Artificial Intelligence in Energy Management: A Comprehensive Literature Review on Methods, Applications, and Challenges
Authors:-Jayendra Jadhav, Aashirwad Mehare, Aditya Wandhekar, Sanyukta Pawar, Pranjal Chavan, Vedant Nigade
Abstract-:The mounting pressure for efficient and sustainable energy solutions has driven the adoption of Artificial Intelligence (AI) in contemporary energy systems. This literature review consolidates evidence from more than 20 recent studies on AI-based approaches for renewable energy and smart grid management. It discusses AI methods like machine learning, deep learning, reinforcement learning, and optimization techniques applied in energy forecasting, load management, fault detection, and demand response. The review emphasizes AI’s application in improving energy efficiency, lowering costs, and facilitating decentralized energy systems. It also touches on the most important hardware devices involved, e.g., photovoltaic panels, smart meters, IoT devices, and battery storage systems.
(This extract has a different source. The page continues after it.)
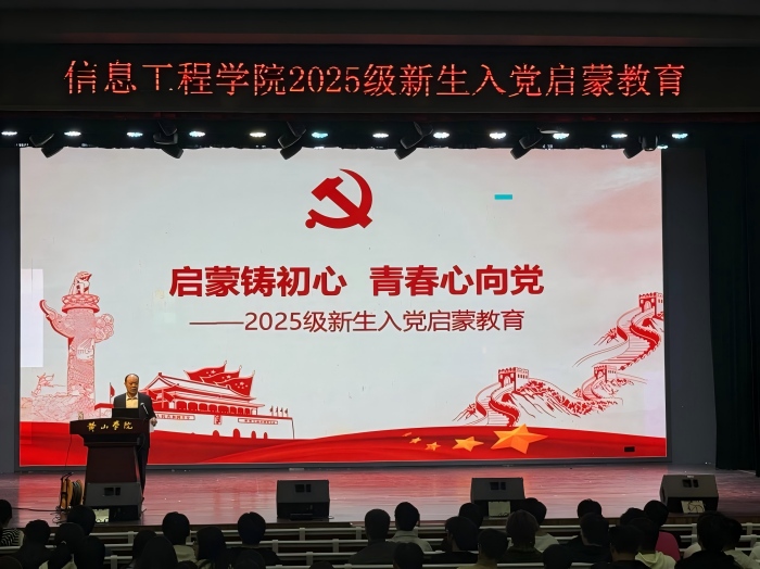 本次入党启蒙教育作为信息工程学院新生入学教育的核心环节,亦是学院党委深入推进党员发展工作、加强基层党组织建设的有力抓手。通过这一教育活动,引导青年学子坚定理想信念、明确成长方向,红色信仰的种子在2025级新生心中悄然扎根,更引导广大学子把个人理想追求融入国家发展洪流,以青春担当续写时代华章。

Although it has the potential to transform, the use of AI in energy systems is confronted with various challenges such as high infrastructure expenditure, data needs, system integration problems, and regulatory issues. This paper concludes by establishing research gaps and outlining future directions for the complete utilization of AI to achieve a sustainable and intelligent energy ecosystem.